Novaya Zemlya (shown

above), an archipelago above the Arctic Circle. Map

courtesy of the Center for Nonproliferation Studies

The Soviet Union conducted 130 underwater, atmospheric and underground nuclear tests in a remote archipelago above the Arctic Circle over a period of 35 years, according to a comprehensive study done by scientists at Lamont-Doherty Earth Observatory and the U.S. Geological Survey. Some of these tests involved multiple explosions.

In all, 224 nuclear devices were detonated by the Soviet Union from 1955 to 1990, amounting to 265 megatons of explosive energy.

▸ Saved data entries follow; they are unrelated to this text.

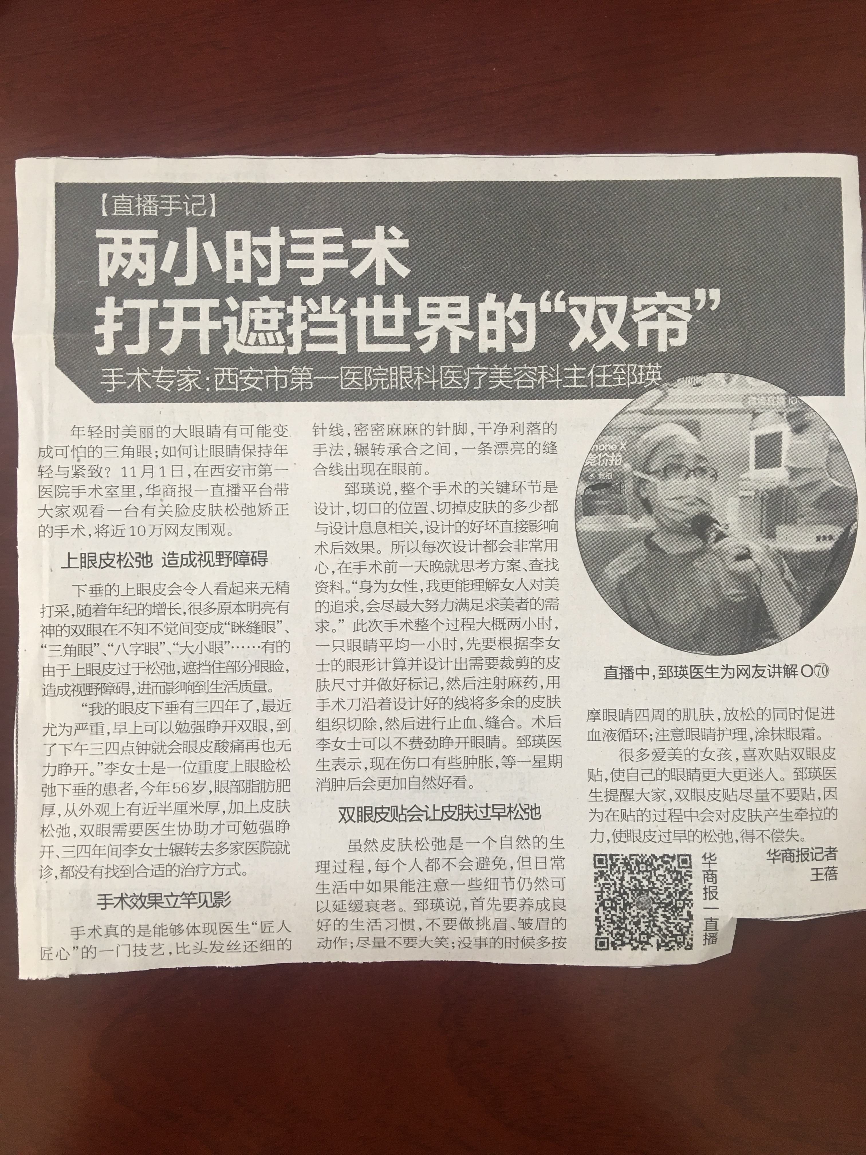 2017.11.4《华商报》直播手记:两小时手术打开遮挡世界的“双帘”
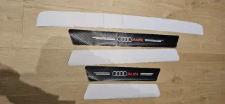 Set de protectores de umbral de puerta con diseño de fibra de carbono para Audi. Incluyen el logo de Audi en color rojo. - Fabricadas en vinilo de fibra de carbono. - Incluyen el logo de Audi. - Varios tamaños para diferentes partes del coche. Ver medidas en las fotos. No se venden por separado.
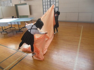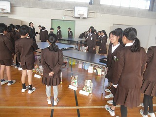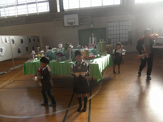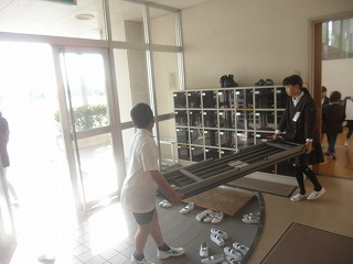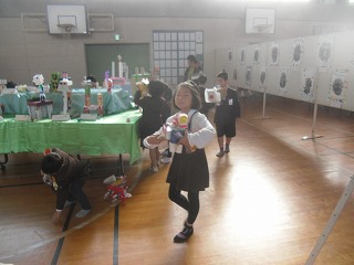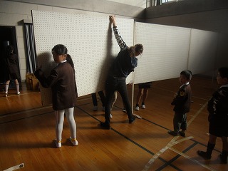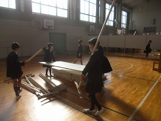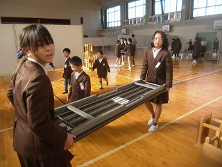 作品展が終わり、体育館を使えるように、各学年の片づけが始まりました。小物は低学年の子が中心に片づけ、大きなものは高学年の子が力を発揮します。
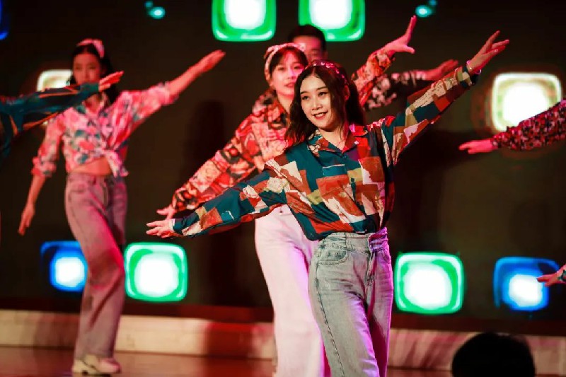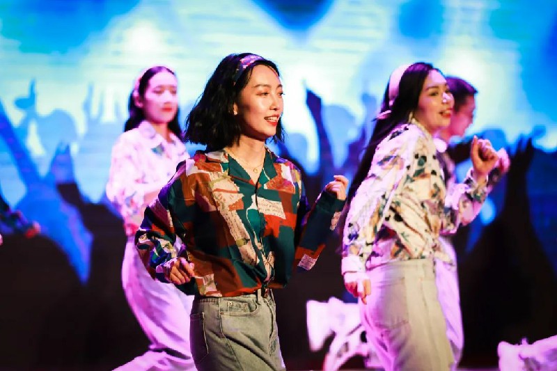 最后是九十年代,六位身着毛线衬衣、条纹格子裙的学生上台助演。她们的热舞充分展现了她们的青春活力。
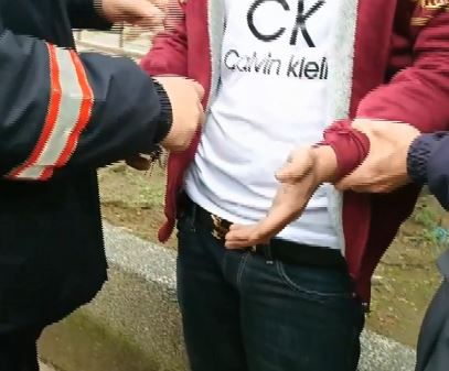 多名員警將,穿著紅色外套的男子,團團包圍,將他雙手上烤,並仔細檢查,他放在地上的隨身物品,剝絲抽繭,要查出男子身分,因為這名男子,幾分鐘前被發現,攜帶2把手槍,和警方發生肢體衝突,場面危急,因為事發地點剛好是,海巡隊門口,海巡隊員聽到聲音,上前幫忙制伏。
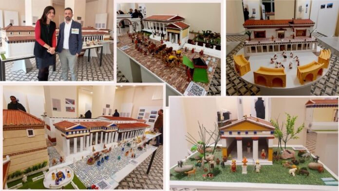 Το Βουλευτήριο, η σκηνή του αρχαίου θεάτρου, οι πύλες του Διός, της Ήρας, του Ερμή, του Διονύσου, της θεάς με το άρμα, η δίοδος των Θεωρείων, τα διοικητικά κτιριακά σύνολα, τα προπύλαια, η αψίδα του Καρακάλα, τα αρχαία τείχη, είναι ορισμένες από τις μακέτες και τα διοράματα που παρουσιάζονται. Όλα κατασκευασμένα από ανακυκλώσιμα υλικά, φιλικά προς το περιβάλλον, όπως ξύλο, χαρτί, πέτρα, ύφασμα και χρωματισμένα με τα μοτίβα εκείνης της εποχής.
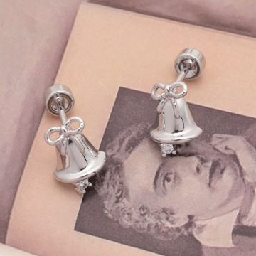 バーベルピアス リボンとベル 半面 鈴 鐘 ステンレス製 メッキ加工 デザインピアス 約7×8mm( 1ペア)
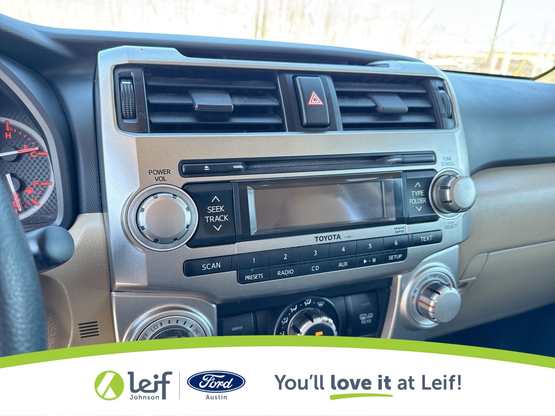 Clean CARFAX. 2011 Toyota 4Runner Black SR5 V6 4WD 5-Speed Automatic with Overdrive **CLEAN CARFAX**, **LOCAL TRADE**, **4WD**, 4WD, Sand Beige w/Low Fabric Seat Trim or Sport Fabric Seat Trim or Leather Seat Trim, ABS brakes, Alloy wheels, Compass, Convenience Package, Electronic Stability Control, Heated door mirrors, Illuminated entry, Low tire pressure warning, Remote keyless entry, Traction control. 17/22 City/Highway MPG 4.0L V6 SMPI DOHC Get a Pre-Loved Pre-Owned vehicle from Leif Johnson Ford! Come experience the transparent sales process and haggle free shopping here at Leif Johnson Ford. We have One of the largest pre-owned vehicles selection in the Austin area and they are all PRICED TO SELL. At Leif Johnson Ford, our commitment to our customers produces One of the most valuable assets and that’s trust! We know you can’t buy trust. You have to earn it! People have come to know that they can trust Leif Johnson Ford for the right selection, the right price and the right service . Ask us about purchasing this vehicle without ever visiting the dealership! Call us today at 512-706-6270 or stop by and see us at 501 East Koenig lane . Ask us about 7 day money back promise!! 501 E Koenig Ln Austin TX 512-706-6270. CALL OR COME BY TODAY. Call 512-706-6270 with any questions about this quality pre-owned vehicle. See it today at Leif Johnson Ford Superstore located at Airport and Koenig Lane. 512-706-6270.
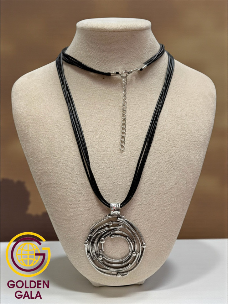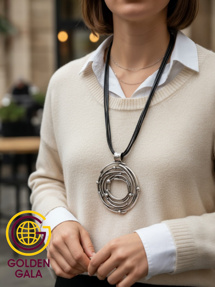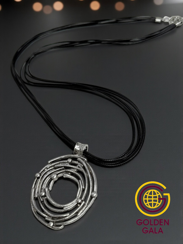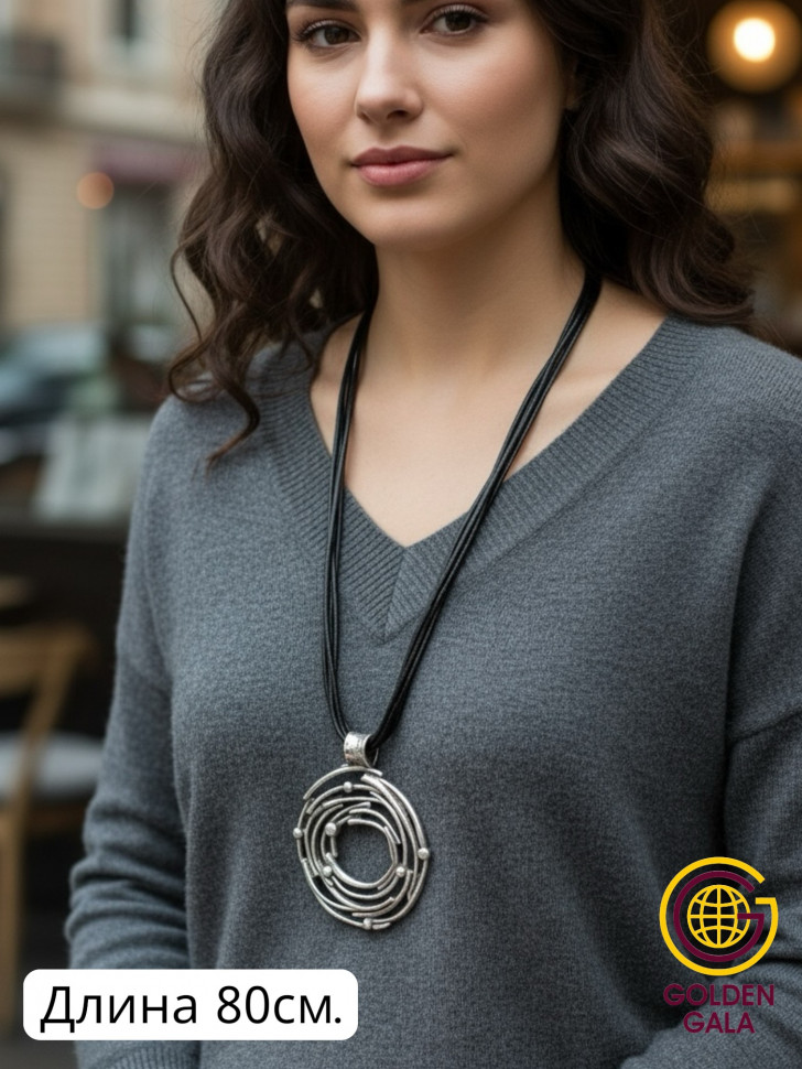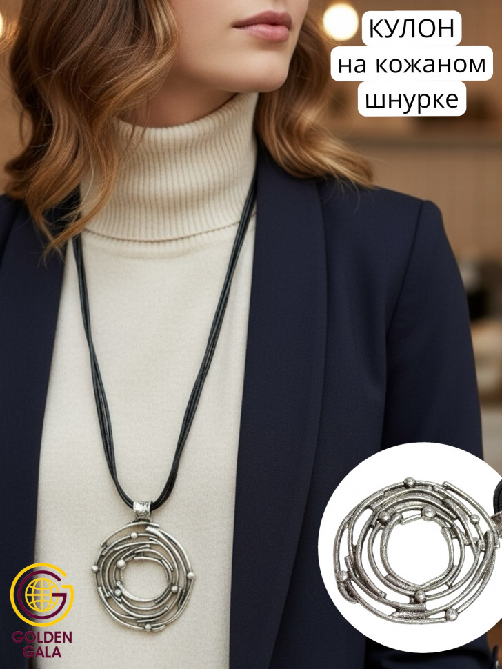 Созданная с любовью к искусству, эта длинная подвеска на кожаном шнурке сочетает в себе гармонию природных текстур и благородных металлов. Многослойный кожаный шнур придает изделию особую глубину и мягкость, а металлические элементы кулона, переливающиеся в лучах света, делают его по-настоящему универсальным – идеальным как для повседневных луков, так и для вечерних выходов.
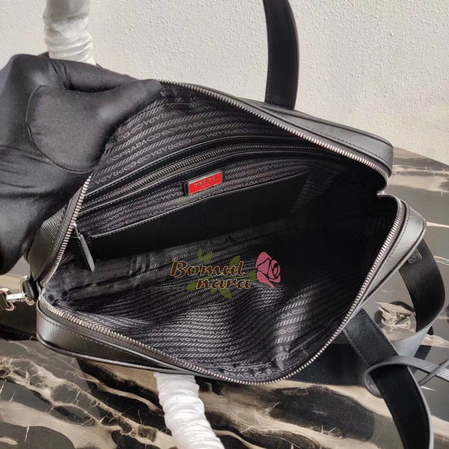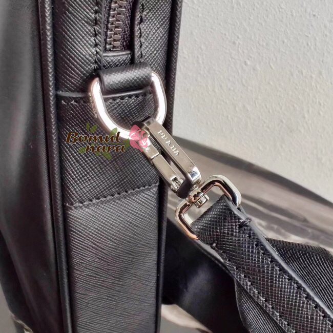 [스페셜오더]PRADA-2VE368 프라다 사피아노 꾸이르 가죽 다크 메탈 로고 블랙 브리프케이스
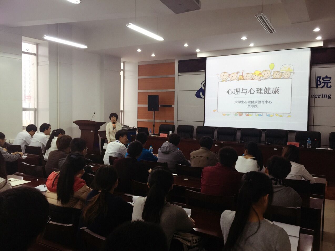 2015年11月13日上午于逸夫楼F302,十大信誉官网心理辅导站邀请贾慧媛老师做专题讲座。学院心理辅导站负责人龙鹤老师及全体心理委员参加了活动。
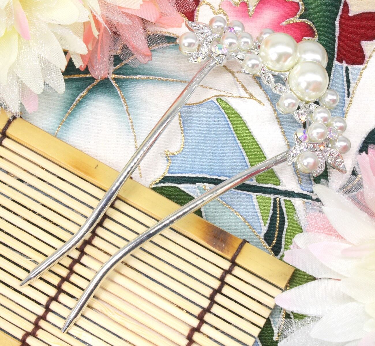 簪 かんざし 髪飾り 和装 パール 二本挿し CZ ダイヤ シルバー 銀
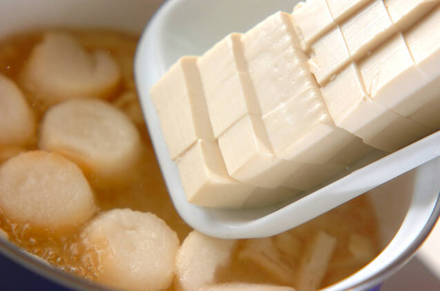 鍋にだし汁を入れて中火にかけ、煮立ったら油揚げ、麩を加え、再び煮立ったら豆腐を加えてみそを溶き入れる。刻みネギを加えて火を止め、器に注ぎ分ける。
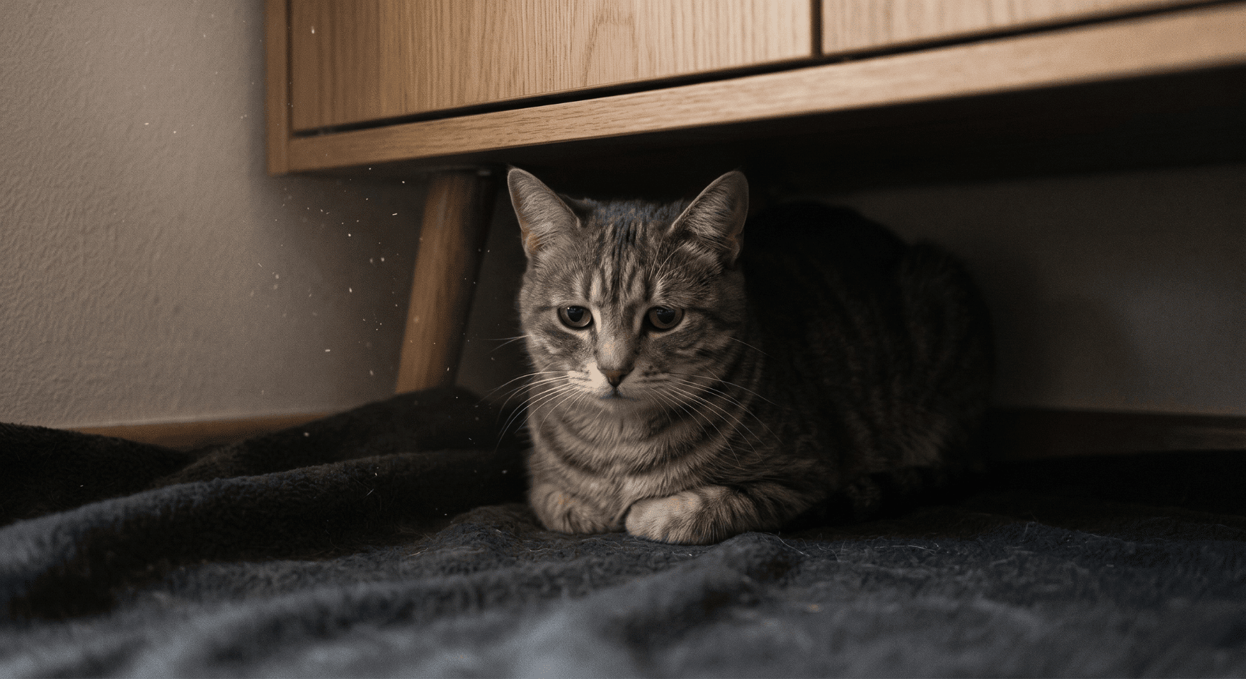 แมวที่ป่วยจะมีพฤติกรรมที่เรียกว่า Hiding Behavior คือการไปแอบในที่มืดๆ ใต้ตู้ หรือในซอกที่ปกติเขาไม่ไปนอน หากคุณเรียกแล้วน้องไม่ขยับ ไม่หันมามอง หรือมีอาการเซตอนเดิน (Ataxia) นั่นแปลว่าน้องอ่อนแรงมาก

By comparison, there were two megatons of total energy detonated over the course of World War II, including the August 1945 detonations of two U.S. nuclear bombs over Japan.

Co-author Paul Richards, a seismologist at Lamont-Doherty and a professor of seismology at Columbia University, says that one of the main goals of the study was to document the course of modern weapons development.

“This is an extraordinary aspect of modern civilization,” Richards says. “It’s what it took for the U.S.S.R. to become a nuclear superpower.”

Their findings appeared in a recent issue of the journal Science and Global Security.

The tests were conducted in one of the of the most remote places on Earth – the mountainous, wind-swept Russian archipelago of Novaya Zemlya, which was also the site of the Soviet Union’s largest most powerful underground test. On September 12, 1973, four nuclear devices with a total yield of 4.2 megatons were detonated on the northernmost island. The explosion had a seismic magnitude of 6.97 and triggered an 80 million-ton rockslide that blocked two glacial streams and created a two kilometer-long lake.

Construction of the test site, including relocation of more than 500 members of the indigenous population, began in 1954 after the Soviet Union determined that its test site in Kazakhstan was too close to human settlements to carry out large nuclear explosions.